What if I want to spell Denmark how the people from there spell it? (Danmark)


----------



## Johannes91 (Jun 5, 2009)

ThatGuy said:


> What if I want to spell Denmark how the people from there spell it? (Danmark)


The spelling doesn't depend on where the speaker is from, but on what language he's using. It's Danmark is Danish and Denmark is English, just like Suomi vs. Finland.

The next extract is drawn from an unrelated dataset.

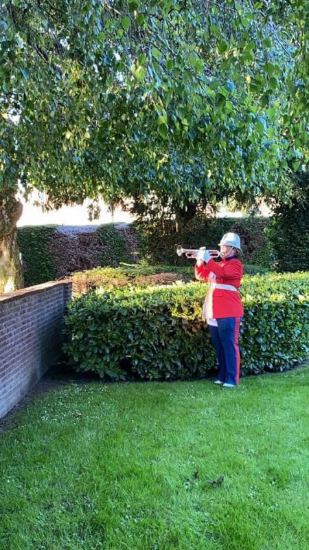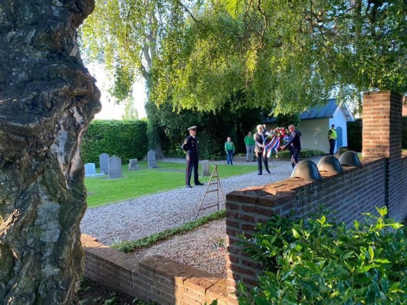 Heel bijzonder om zonder betrokken inwoners in een klein comité de kranslegging te verrichten. Na de centrale toespraak over de radio van burgemeester Bram Van Hemmen, de 2 minuten stilte en het zingen van het Wilhelmus legden Johan Tuk, voorzitter van de Oranjevereniging en wethouder van Leenen de krans van de Gemeente icm de Oranjevereniging.

And this trick obviously isn't meant to work in other languages than English.


----------



## cmhardw (Jun 5, 2009)

endless_akatsuki said:


> Here's one that my friend thought of.
> 
> 1.	Pick a number between 0 and 36.





Spoiler



Again, I want to know your trick here. My number from 0-36 is u.

1) u
2) This determines divisibility by 3. Also, taking this answer (mod 3) will tell me the remainder when dividing my original number by 3. The smallest answer I could have here is 0 and the largest is 11.
3) My answer is in the range of 8-19 at this point.
4) multiplying by 7 gives me the possibility of having 56, 63, 70, 77, 84, 91, 98, 105, 112, 119, 126, 133 at this step.
5) This is a divisibility test for the number 7. The result of doing this will give me a multiple of 7 at the end of this step, since my number is clearly already divisible by 7. Possible answers at the end of this step are: -7, 0, 7
6) Possible answers at the end of this step are 0, 49
7) I end up with 8 at the end of this step regardless of my original choice of number.
8) 8->H and all choices give H.
9) Hawaii is the only state that starts with H. Everyone has picked this by this step.
10) Honolulu -> u -> Utah (it's the only "U" state).
11) Salt Lake City -> Y -> 25
12) 5

I have to say I like how you use a divisibility test for the number 7 in your trick after multiplying by 7. I figure most people wouldn't know that trick and would not pick up on that.



Chris


----------